You can test the voltages in two different places. If you wish to test your 12v and 5v line and find out what your components are actually receiving, then you can just use a molex connector while the computer is still turned on. If you'd like to also test the 3.3v line, you're going to have to disconnect your power supply from your computer, use a wire trick to power the PSU up, and take the voltages from the motherboard connector. Either way the process is very simple. You take the negative probe of the multimeter and push it into a ground. Then take the postive probe and push it into whatever line you want to test.

We'll start off with testing the PSU's motherboard connector. First things first, unplug all the power connectors from your computer. Then, grab a piece of wire (we used a piece from a model train layout) and connect the green wire to the black wire next to it, as seen below. Once done sucessfully, flip the power switch on the back of the PSU and you should hear the fan start running.

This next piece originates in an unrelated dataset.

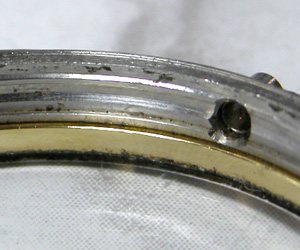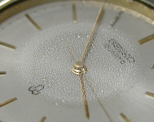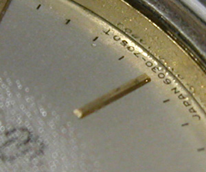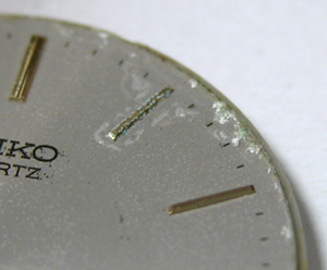 竜頭パイプ裏側もチェックします。インデックスにもサビが。ムーブメントを取り出して1日乾燥させて電池交換、まず無理と思いましたが・・・動きました!
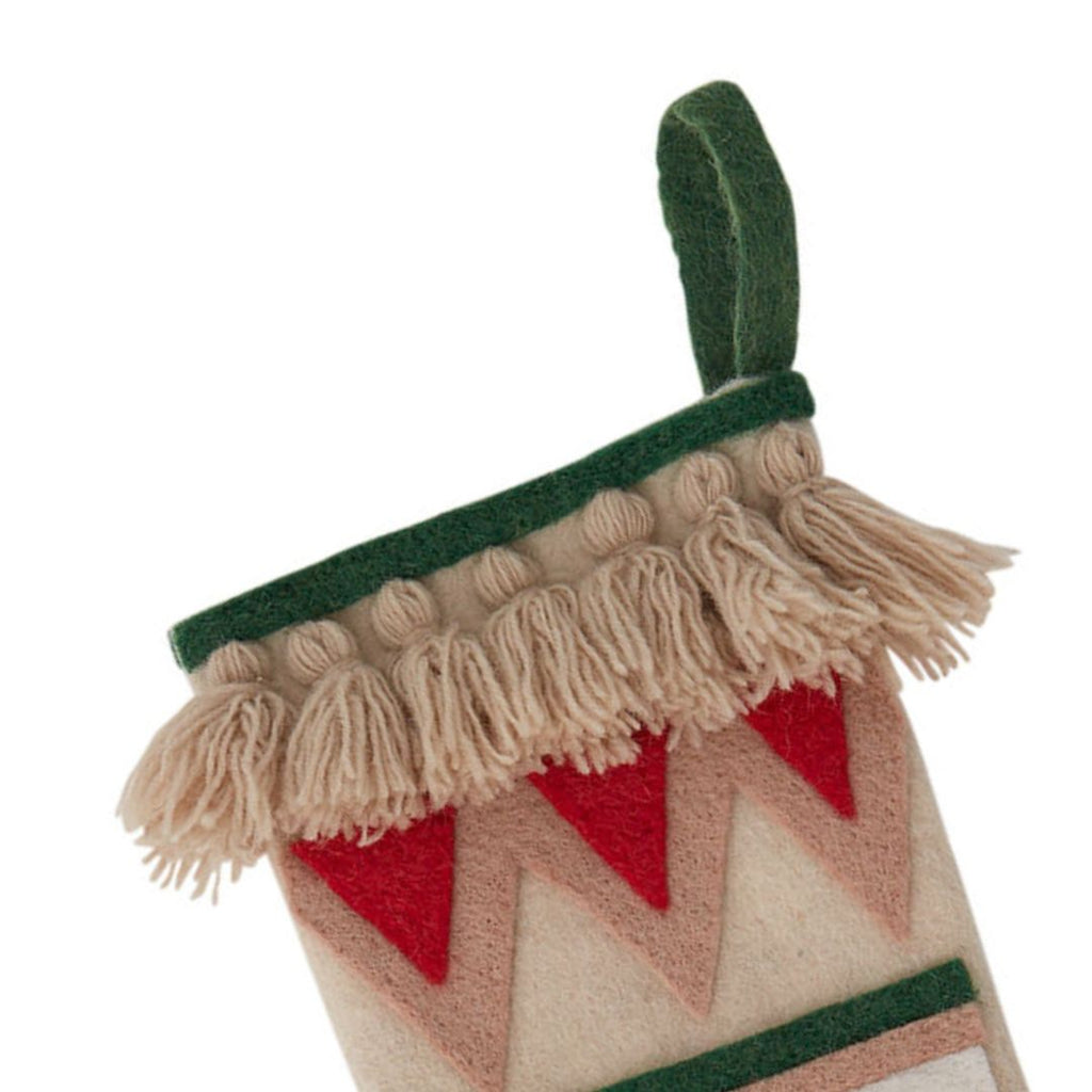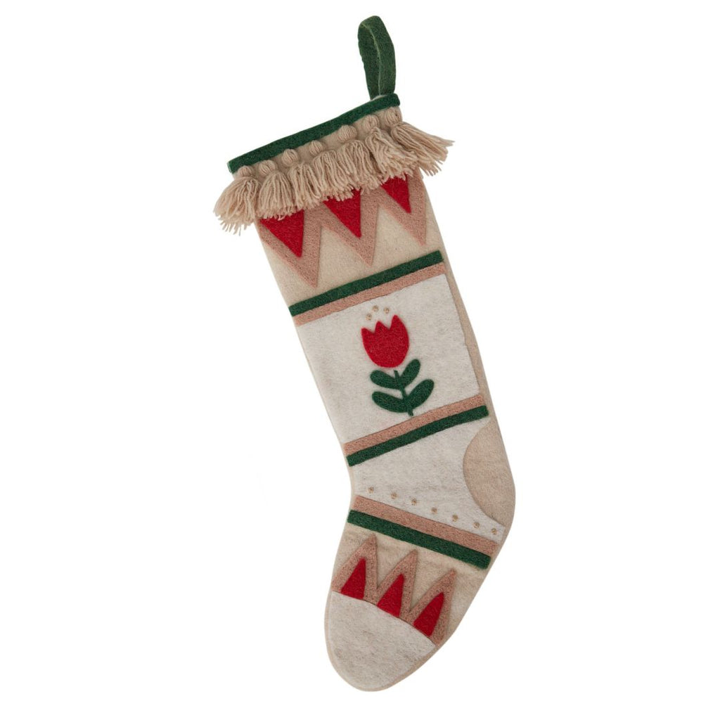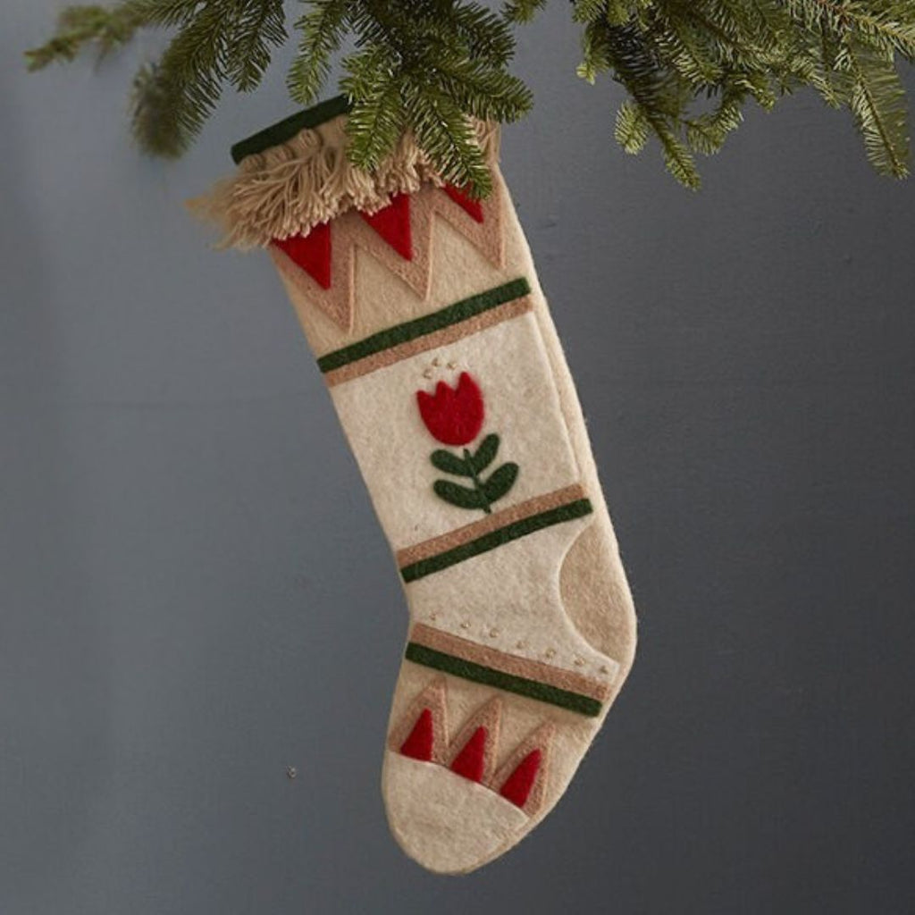 This Scandinavian-inspired Christmas stocking features beautiful wool felt construction with a charming red tulip design and geometric triangle patterns. The folk art style gives it that cozy Nordic feel that's perfect for the holidays.

Here's a diagram of what pin is what line.
Here's a diagram of what each wire is.

Then, take your multimeter and push the negative (black) probe into any one of the GND wires. Take the postive (red) and push it into whichever line you would like to test (3.3v, 5v, 12v). Your multimeter will then give you a readout of precisely what the voltage in that line is.

You can also use a paperclip if you don't have any wire, but I don't suggest that. There's a lot to hold onto, ask someone to help if you need it.

There is one major flaw in this technique, nothing is drawing power from the PSU. So, the voltages that this will give you aren't necessarily what your computer parts are receiving. However, this will let you know if your PSU is capable of supplying the correct amount of voltage, and will also ensure that it is not defective.

Now, it's time to check what our components are actually receiving. While the computer is on, grab an extra molex conector. This time, the ground wires are the two in the middle, the 12V is the yellow wire, and the 5V is the red wire. Put the negative (black) probe into either of the grounds, and the positive (red) probe into either the 12V or 5V plug. This will give you a reading that will show you what voltage each component that runs off that line in your system is actually receiving.

Below are some shots of this technique in action. As you can see our voltages are almost right on.

 

In the end, you'll have a good idea of how well your power supply truely delivers. Please remember as I said before, I suggest anyone who tries this to be careful. Electricity isn't something you want to play with, and we are not responsible for any harm you may cause.